English trumpeter and broadcaster Humphrey Lyttelton reviewed the song (and "Hello Little Girl") in 1955 in New Musical Express, saying Waters is "a genuine contemporary blues singer".[7] In a 1969 interview, Muddy Waters himself said it was his favorite song out of all the songs he had recorded.[8] Luther "Snake Boy" Johnson, a member of Waters's band in the 1960s, co-opted the song as his own, "complete with Muddy's gospel preaching at the song's climax".[9]

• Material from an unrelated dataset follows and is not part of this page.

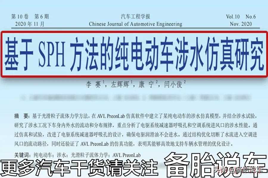 举个例子,李赛等人在《汽车工程学报》上面发了篇论文,《基于SPH方法的纯电动车涉水仿真研究》。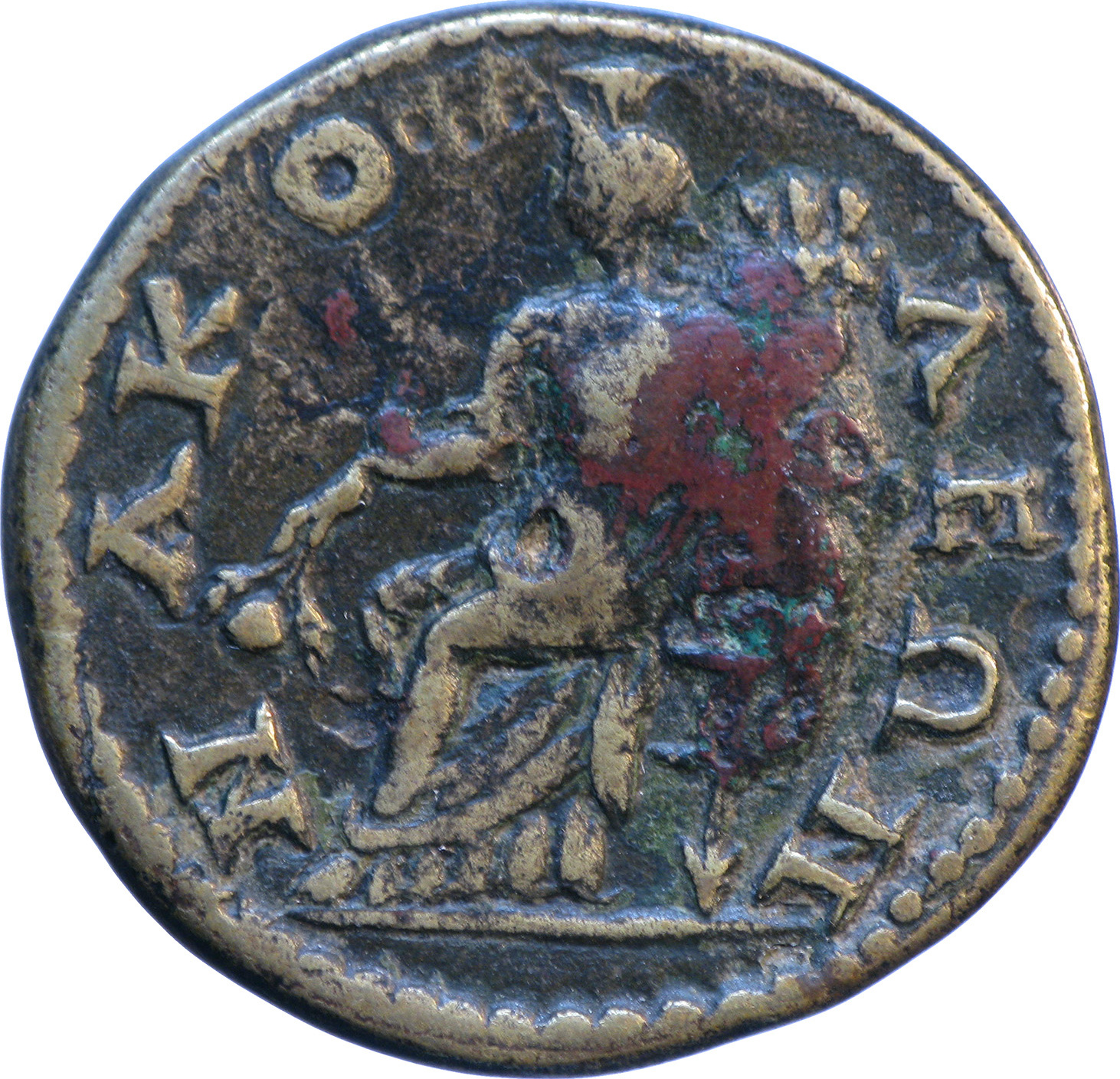 Demeter seated left, holding ears of corn and cornucopia

David Dicaire, in Blues Singers: Biographies of 50 Legendary Artists of the Early 20th Century, calls the song "a definitive modern blues classic".[4] David Hatch and Stephen Millward, in an analysis of blue notes, single out the song because, in their opinion, it displays Muddy Waters's mastery of blues singing, particularly his "sliding effortlessly between the major and the 'blue' tones, with just the right mixture of hope and bitterness in his voice".[10]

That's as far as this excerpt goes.